HGVS expressions. CIViC supports and promotes variant identification using the Sequence Variant Nomenclature guidelines of the Human Genome Variation Society (HGVS), otherwise known as ‘HGVS strings’. Curators may add one or more valid HGVS values for each variant. These may be entered in protein (p.), cDNA (c.), or genomic (g.) format. A particular CIViC variant (e.g. BRAF V600E) may have multiple valid genomic alterations that could create it, each with a distinct genomic HGVS expression. Similarly, multiple cDNA HGVS strings may correspond to multiple transcript sequences, possibly from various transcript annotation databases (e.g. Ensembl, RefSeq, LRG, etc.) or alternative isoforms of a gene.
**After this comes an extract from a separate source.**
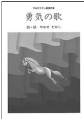
やなせたかし童謡詩集「勇気之歌」 フレーベル館

ふとした時に想い出す 心に残った詩 懐かしい詩 遠いかなたに思いをよせて ちょっと詩一たいもしませんか

Coordinates. For each variant, the goal of CIViC initially is to determine unambiguous genomic coordinates for an example instance of the variant. For instance, if the paper refers to the variant as “V600E”, the curator determines for a particular build of the human genome, the corresponding chromosome, start position, end position, reference base and variant base. Refer to the Variants documentation on the left for more details.
8. Bite-size curation tasks
Only have a few minutes? Tackle one of the tasks below.
Identify a publication containing a variant with clinical relevance.
Visit PubMed to identify the publication’s PubMed ID.
Enter as much information as possible to help curators. This form only requires 2 elements: PubMed ID and a comment to direct curators as to why you believe this publication has clinically-relevant information about a variant.
Add a variant Alias.
Read a summary for your favorite gene/variant and comment on the contents.